Select the cell A2 as criteria_range1, the first argument of the COUNTIFS function. Then press full stop (.) from the keyboard, so Excel converts the cell reference into a range and the range starts from the same cell (or the same point) and it seems to be A2:A2.
Place a comma (,) to move to the next argument.
Again select cell A2 as criteria1, the second argument of COUNTIFS function.
■ Using Cell References
Simply select the starting cell reference of the criteria_range1 and press the F4 Key once which will convert the cell reference from the relative cell reference to the absolute cell reference.
Now the criteria_range1 seems to be $A$2:A2.
■ Note: We had detail discussed on Cell Reference in a separate tutorial, suggested you read this tutorial: 03 Types of Excel Cell Reference: Relative, Absolute & Mixed
Finally, press Enter to apply the formula in cell F2 and get the count value 1 as a result.
■ Extend the Formula Downward till the End of the Range:
It is the best practice to extend the formula from a cell to the end of the range with the ‘Formulas and number formats’ in the Paste Special dialog box.
Copy (Excel shortcut Ctrl+C) the cell F2 with formula ➪ Then makes a selection downward till to the end of the range with Shift+ Down arrow (⬇) ➪ After that either press Alt+E+S+R (sequentially press Alt, E, S, R) or press Alt+Ctrl+V+R (Alt+Ctrl+V, then press R) which will select the ‘Formulas and number formats‘ option in the ‘Paste Special’ dialog box ➪ Click OK or press Enter to accept the formula. As a result, formula copied to the selected range without copying the cell formatting.
■ Note: We had detail discussed on Alt Key Excel Shortcuts in a separate tutorial, suggested you read this tutorial: 80+ Excel Shortcuts with ALT Key || Best Hotkey of Keyboard Shortcuts
Alternatively, Copy (Ctrl+C) the cell F2 ➪ Then makes a selection downward till to the end of the range with Shift+ Down arrow (⬇) ➪ After that paste (Ctrl+V or simply press ‘Enter’). As a result, formula copied to the selected range with copying the same cell formatting.

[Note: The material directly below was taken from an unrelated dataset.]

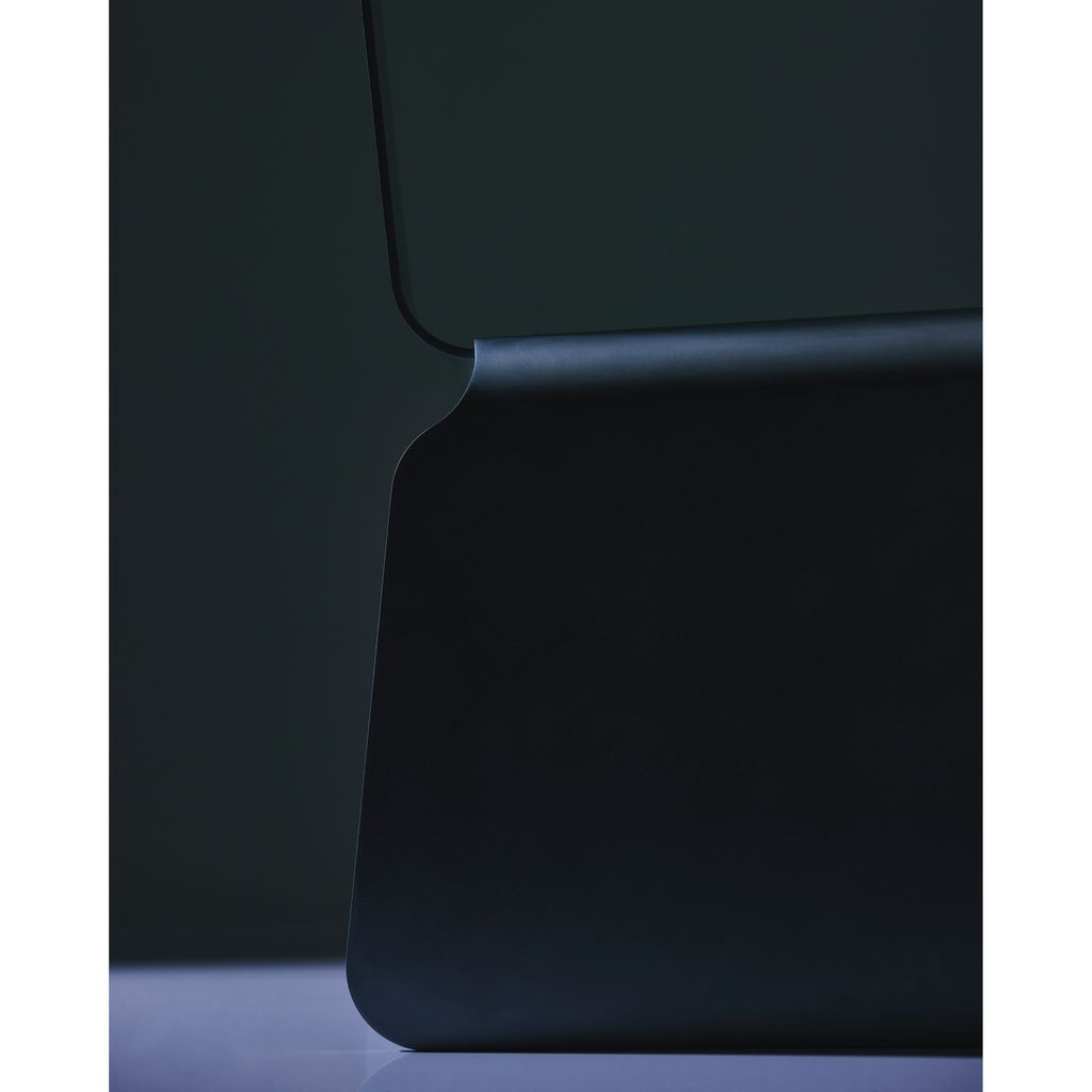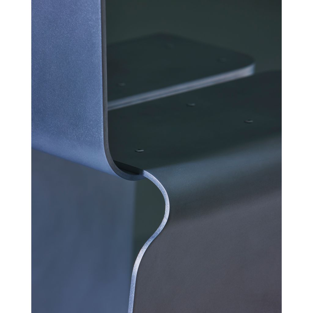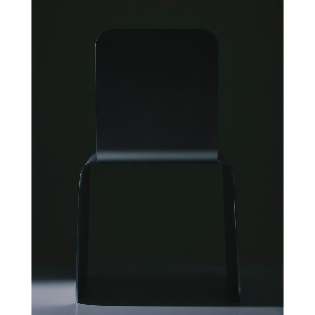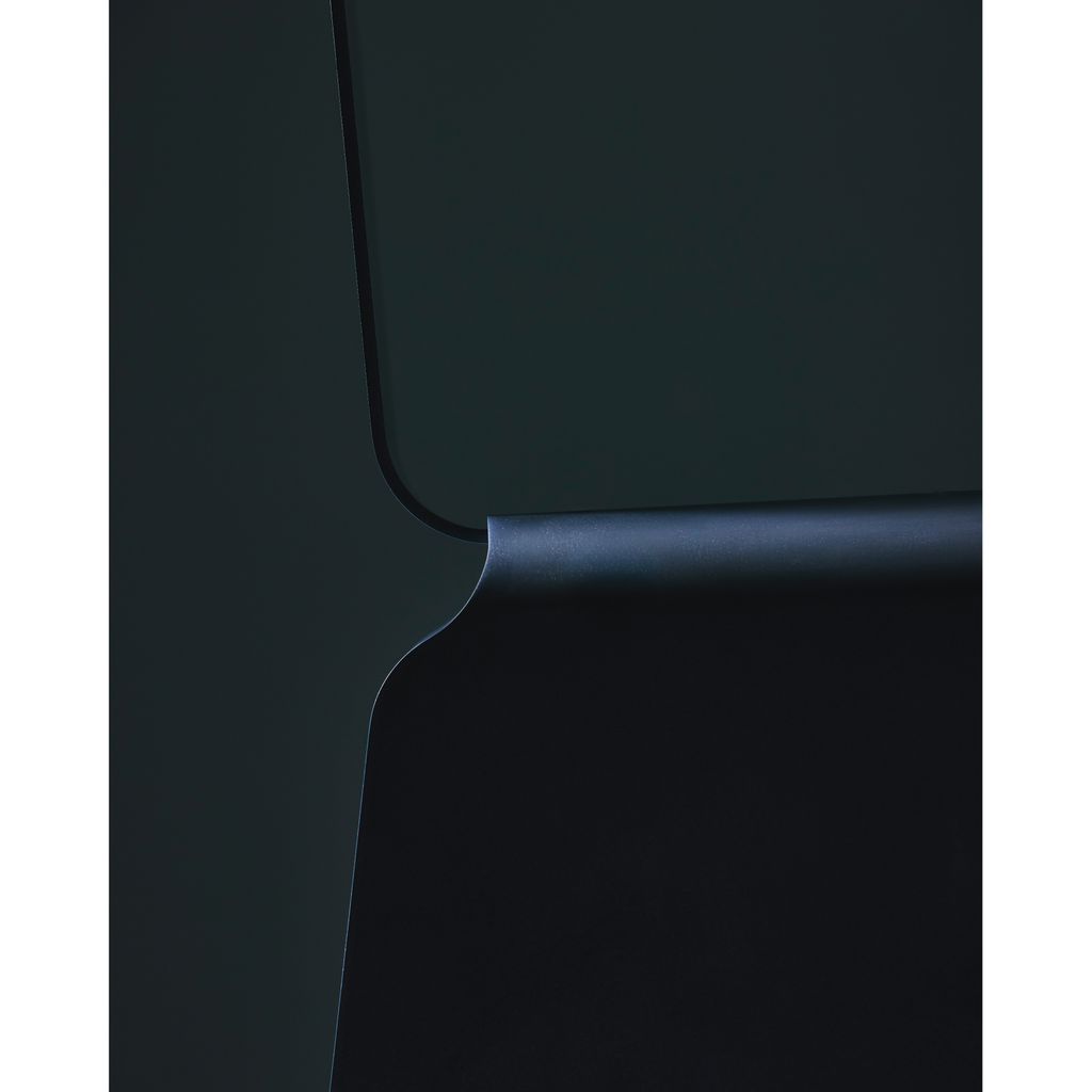 The Rounded Edges Chair advances the collection’s essential simplicity. Three folded aluminum plates are joined together by rivets at the seat to form the chair’s sleek silhouette. Composed of quarter inch thick sheets, the chair is available in two distinct colours; clearbrushed aluminum and pale green.

Alternatively, select the cell that has the formula we want to fill down to the range ➪ either double click on the fill handle or drag the fill handle down to the range. As a result, formula copied to the selected range with copying the same cell formatting.
After copying the formula, we carefully notice that same duplicates in the dataset are marked in ascending order. For example, If we consider the Sales Manager Jackson, whose name is duplicated three times in the dataset and the duplicate count is placed in ascending order likes 1, 2 and 3. So we should always keep the 1 value as a unique value and remove more than 1 value likes 2, 3, 4 etc. from the dataset as duplicates.
STEP 2: HOW TO REMOVE DUPLICATES IN EXCEL
In the second step, we remove duplicates in Excel dataset with Excel Filter.
It is the best practice to select the entire dataset with Ctrl+A ➪ Then press Ctrl+Shift+L (hold down the Ctrl and Shift keys and then press the L key) which will apply the Filter in the subject heading.
■ Note: We had detail discussed on Ctrl Key Excel Shortcuts in a separate tutorial, suggested you read this tutorial: 90+ Best Excel CTRL Shortcuts | Useful Keyboard Shortcuts |
Additionally, suggest you to read the usage of Excel Filter: 04 Simple to Advanced Methods: How to Filter in Excel?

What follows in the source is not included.